Return the records word for word. Pictures do not belong in the copy.
=== Provided data ===
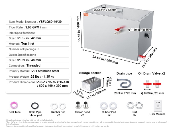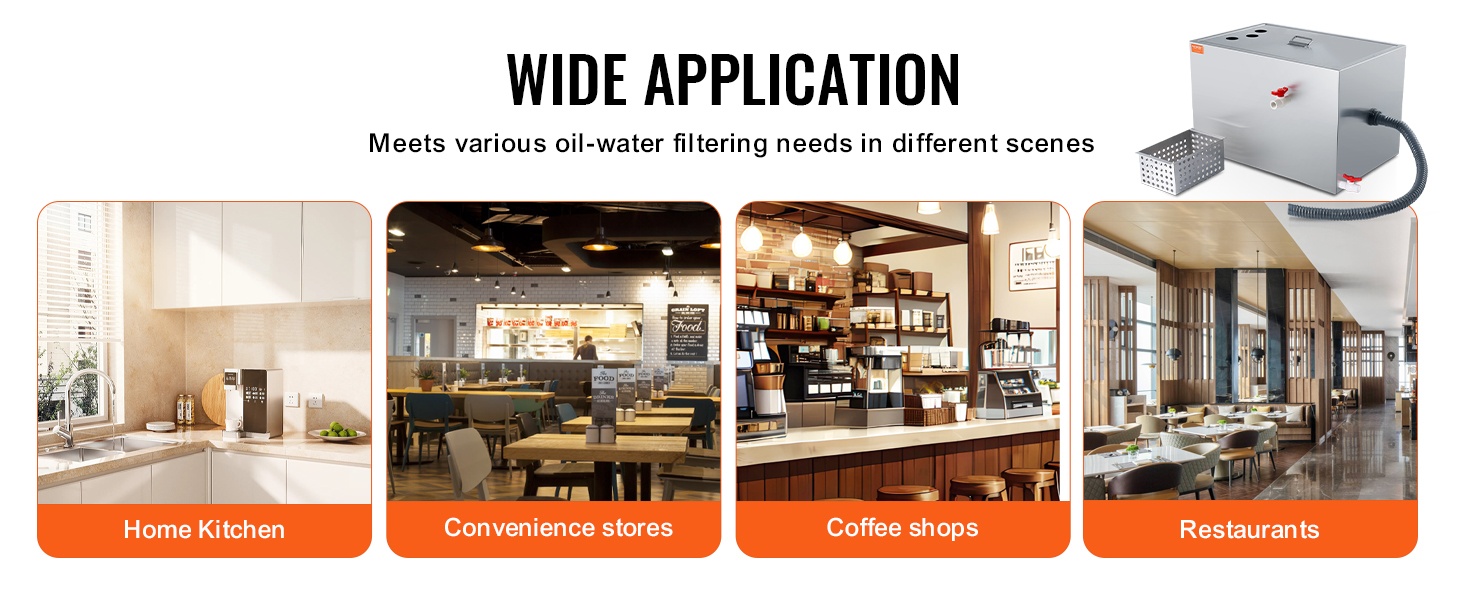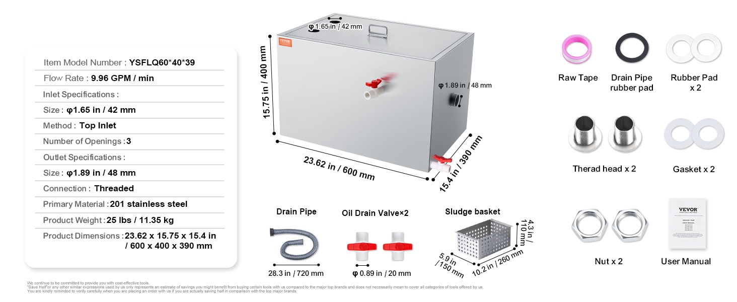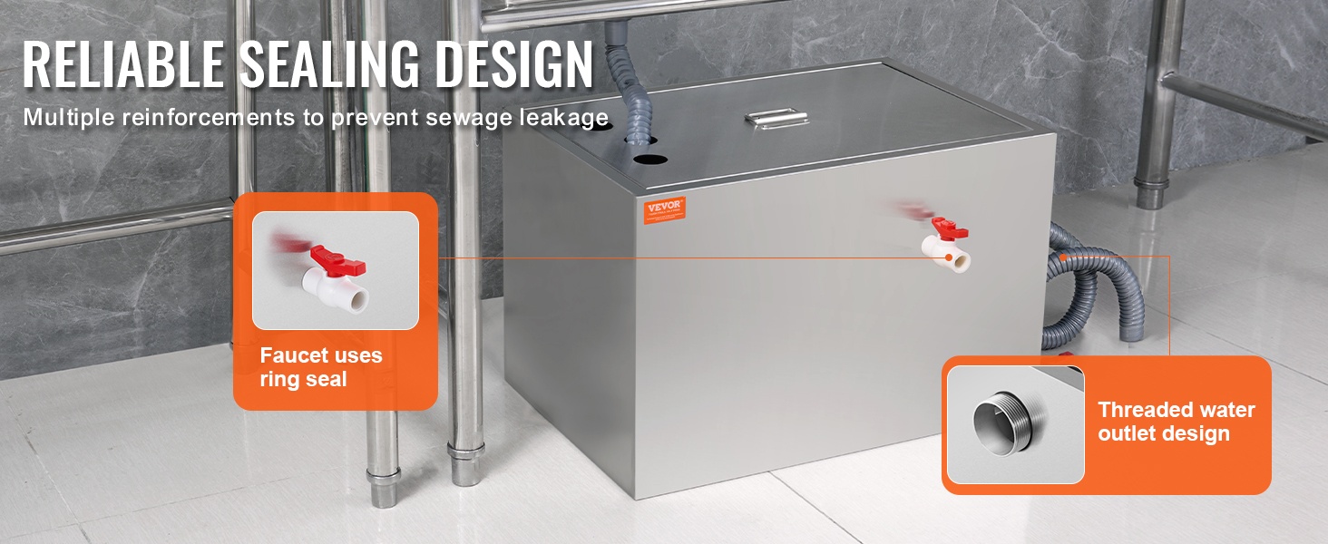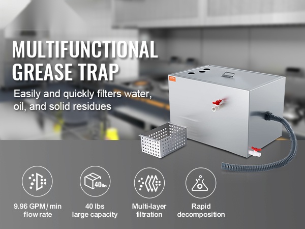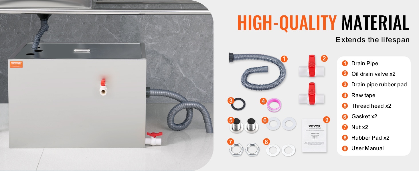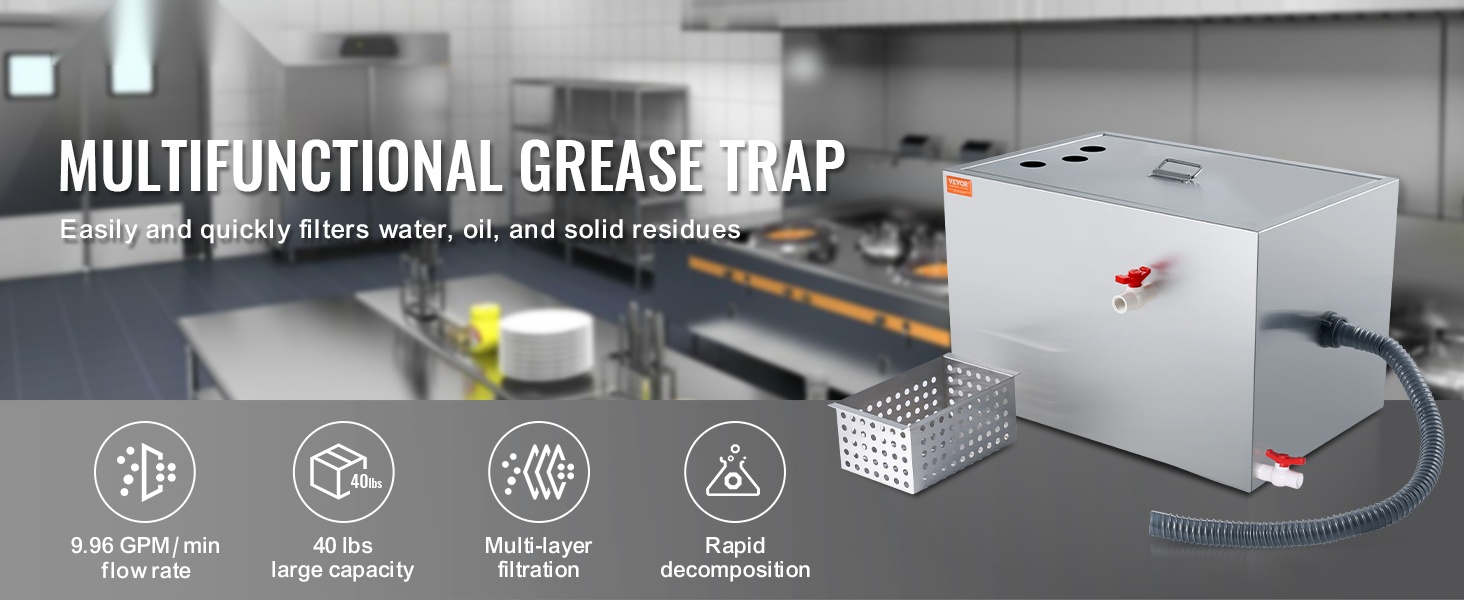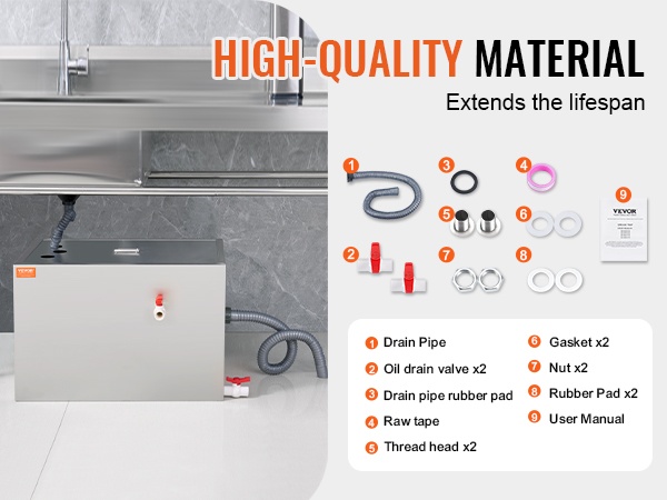 Koko rasvanerotin on valmistettu laadukkaasta 201-ruostumattomasta teräksestä. Rakenne on tukeva, kestävä ja muodonmuutoksia hyvin sietävä. Mukana tulee tarvittava asennussarja, joten laite on helppo ottaa käyttöön altaan alle tai muuhun sopivaan paikkaan.
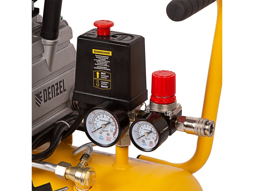 Воздушный компрессор с прямым приводом Denzel DC1500/24 58160 мощностью 1,5 кВт и производительностью на входе 220 л/мин, с объемом ресивера 24 л обеспечивает подачу сжатого воздуха к пневмоинструменту — пневмогайковерту, пневмошлифмашине, пневмодрели. Эффективная система смазки, снижающая нагрузку на двигатель, позволяет использовать компрессор для долговременных работ. Поэтому он будет полезен не только в загородном доме, но и в мастерской или гараже.
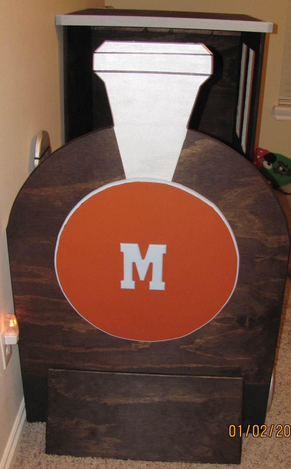 Where will he sleep now? Yes, this was our current conundrum. Should we go buy a bed, change the crib into a toddler bed…or act on the idea we had been playing around with? We decided on the latter…we were going to make him a train bed. (and by “we” I mean my husband) The measurements were then taken, the materials were purchased (from Home Depot), and the new bed began to take shape.
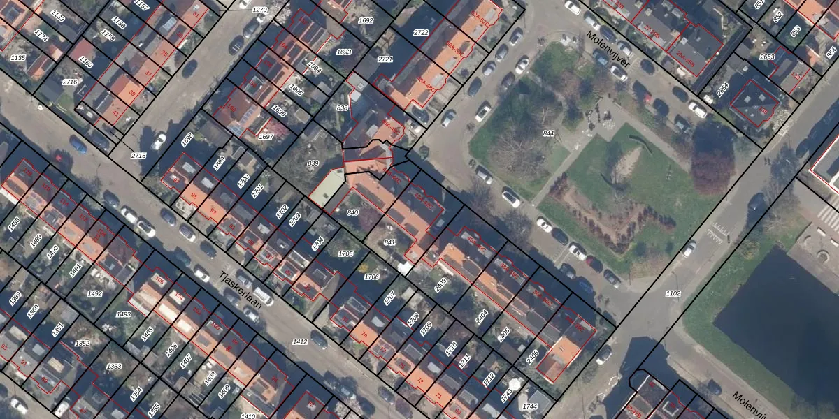 Molenvijver 42-A is gelegen op kadastraal perceel SBK01C841. Deze kadastrale aanduiding is uniek en wordt gebruikt door het Kadaster om eigendomsrechten en andere zakelijke rechten vast te leggen. Het perceel maakt onderdeel uit van de kadastrale gemeente Schiebroek.
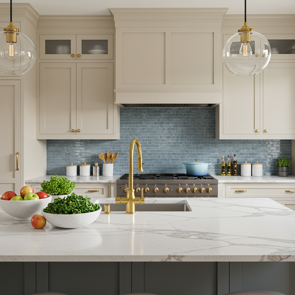 Beautiful blue cabinetry provides tons of storage in this open kitchen with stunning water views. A lighter aqua-colored island gives family and friends a spot to gather around in this delightful space with layers of blues...
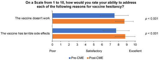 Self-reported rating on a scale of 1–10 of general practitioners’ (n = 159) confidence in their ability to address potential reasons for influenza vaccine hesitancy by patients before and after participating in an accredited continuing medical education (CME) program.
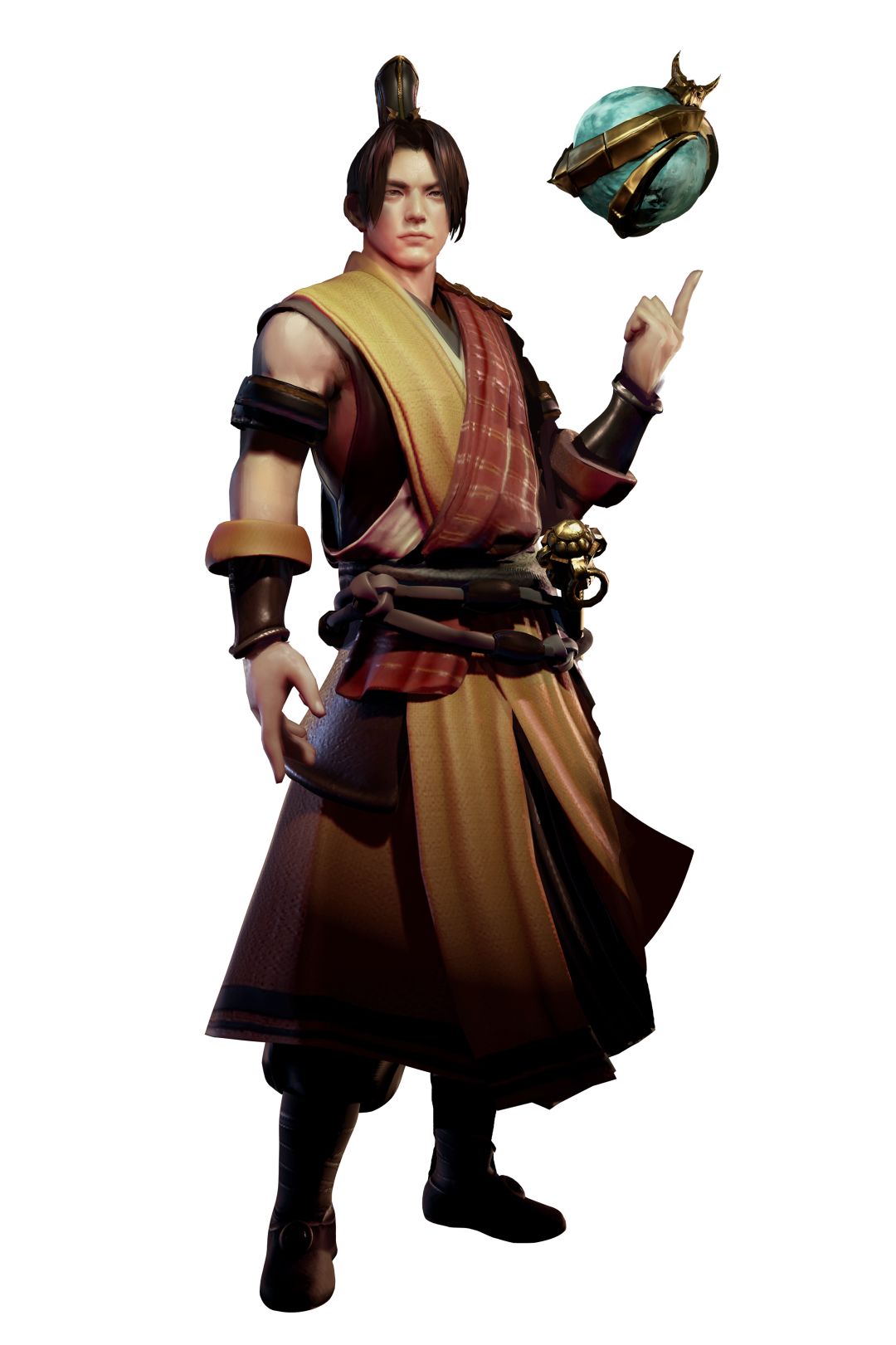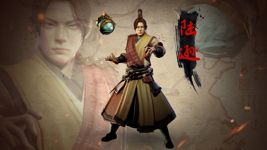 陆逊从空中跃向地面,以宝珠拖拽击打敌方。
===
### [Result]
 Koko rasvanerotin on valmistettu laadukkaasta 201-ruostumattomasta teräksestä. Rakenne on tukeva, kestävä ja muodonmuutoksia hyvin sietävä. Mukana tulee tarvittava asennussarja, joten laite on helppo ottaa käyttöön altaan alle tai muuhun sopivaan paikkaan.
 Воздушный компрессор с прямым приводом Denzel DC1500/24 58160 мощностью 1,5 кВт и производительностью на входе 220 л/мин, с объемом ресивера 24 л обеспечивает подачу сжатого воздуха к пневмоинструменту — пневмогайковерту, пневмошлифмашине, пневмодрели. Эффективная система смазки, снижающая нагрузку на двигатель, позволяет использовать компрессор для долговременных работ. Поэтому он будет полезен не только в загородном доме, но и в мастерской или гараже.
 Where will he sleep now? Yes, this was our current conundrum. Should we go buy a bed, change the crib into a toddler bed…or act on the idea we had been playing around with? We decided on the latter…we were going to make him a train bed. (and by “we” I mean my husband) The measurements were then taken, the materials were purchased (from Home Depot), and the new bed began to take shape.
 Molenvijver 42-A is gelegen op kadastraal perceel SBK01C841. Deze kadastrale aanduiding is uniek en wordt gebruikt door het Kadaster om eigendomsrechten en andere zakelijke rechten vast te leggen. Het perceel maakt onderdeel uit van de kadastrale gemeente Schiebroek.
 Beautiful blue cabinetry provides tons of storage in this open kitchen with stunning water views. A lighter aqua-colored island gives family and friends a spot to gather around in this delightful space with layers of blues...
 Self-reported rating on a scale of 1–10 of general practitioners’ (n = 159) confidence in their ability to address potential reasons for influenza vaccine hesitancy by patients before and after participating in an accredited continuing medical education (CME) program.
 陆逊从空中跃向地面,以宝珠拖拽击打敌方。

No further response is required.